The Nation’s Triathlon is an adults-only venture. But Brodsky approached the city after founding his race to push the concept that kids would take to triathletics if given the chance.

Brodsky says kids “7 or 8 years old” can withstand triathlon training and that he was so sold on his idea that he put up $25,000 of his own money to get the first triathlon camp going last year at Turkey Thicket, home of one of the city’s finest aquatic facilities. Brodsky’s foundation, AchieveDC, organized a group of sponsors to provide campers with everything they’d need to compete—including bikes, helmets, uniforms, and even designer water.

The city didn’t have to do much more than provide a venue.

“This is one of the partnerships that I love,” says Parks and Rec head Clark Ray, “because it costs the Department of Parks and Recreation absolutely nothing. Nothing! We have the space, and we’re looking for our great nonprofit partners to program at our space, and AchieveDC was right there last year.”

Thus was born what is billed as the first public youth triathlon camp in the country.
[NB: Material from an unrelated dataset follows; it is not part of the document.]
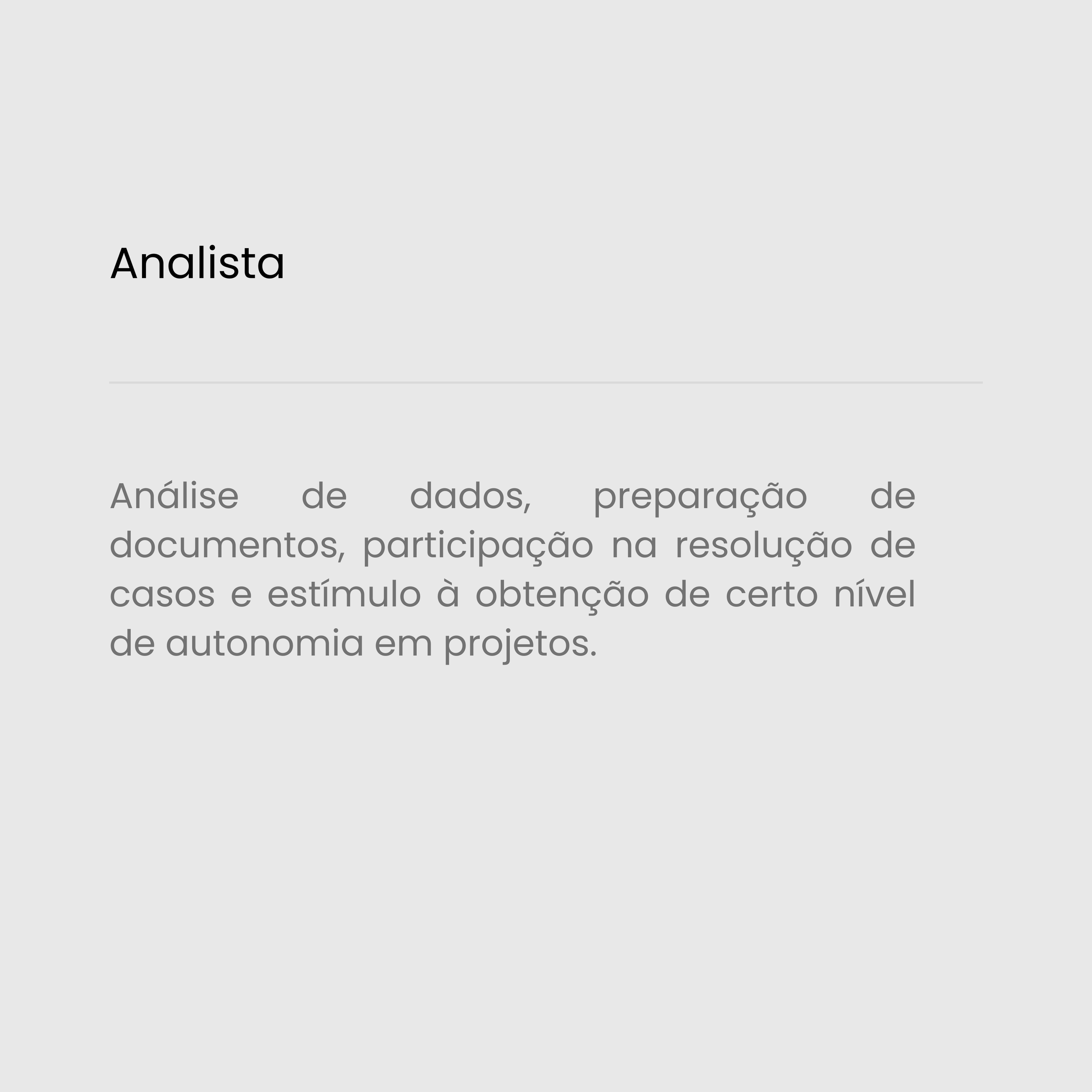 Nosso plano de carreira é estruturado para você tenha uma visão clara de cada uma das etapas da sua trajetória e do que precisa para percorrê-la.

Ray says “more than 11,000” kids are enrolled at all city youth camps this summer, by far the largest enrollment ever. About 40 of them signed up for the triathlon camp this year, doubling the 2007 enrollment. That would be too many campers for Turkey Thicket.
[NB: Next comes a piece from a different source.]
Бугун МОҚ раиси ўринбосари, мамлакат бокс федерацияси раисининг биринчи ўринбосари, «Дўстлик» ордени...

Kenilworth-Parkside Rec Center had just added a state-of-the-art running track, the only public track not at a school, and already had a 25-meter pool, so Ray added a second triathlon camp and put it there.

Ray says the current tense climate in some city neighborhoods makes any sort of camp attractive to parents. But he said there’s more to his pushing the youth triathlon concept than just getting kids off the streets during the long, hot summer.
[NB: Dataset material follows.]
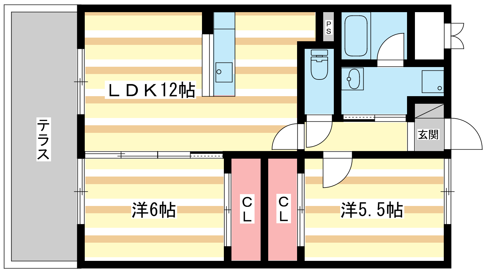 - 洋室5.6帖、洋室6帖、LDK11.7帖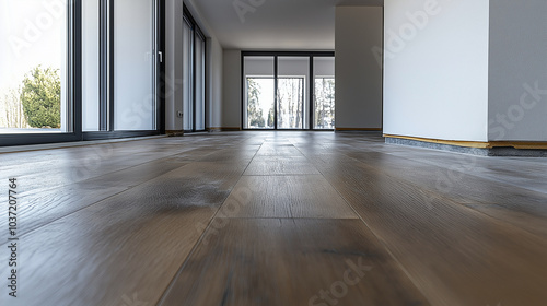 A cutaway view of an underfloor heating system beneath wooden flooring, offering space for text

“It would be easy for us just to say, ‘Come off the street!’—to let DPR be a holding center or a babysitting service,” Ray says. “But this is far from that. This is about combining swimming, cycling, and running, giving the kids a chance to experience something that, more than likely, inner-city kids don’t get to experience, exposure to a new type of sporting event.”

Ray and Newlon both say that getting D.C. kids to swim well has been the biggest athletic challenge of the triathlon camps.

And the performances in the Kenilworth pool at the Kids Triathlon showed there’s still a long way to go: None of the competitors in the first of the three heats—the largest grouping in the event and the one stocked with the best athletes from both camps—finished the 100-yard swim without taking at least a few breaks.

One girl, later identified as a junior Olympics qualifier in track, merely ran through the water for all four laps in the 25-meter pool. Volunteers and family members nevertheless banged cowbells and shouted encouragement until she’d finished her aquatic jog.

But the kids’ competitive spirit was as obvious as any shortcomings in the pool. Despite temperatures in the 90s and the sort of humidity you’d expect in August, the kids pushed themselves like champs. When Christopher, an 11-year-old from the Turkey Thicket camp, finished his cross-country run and crossed the finish line first, Newlon was there waiting for him.

As the coach and other event officials jumped up and down around the winner and tried to hug him, the kid broke away from the celebration and threw up all over the track. Newlon couldn’t have looked prouder.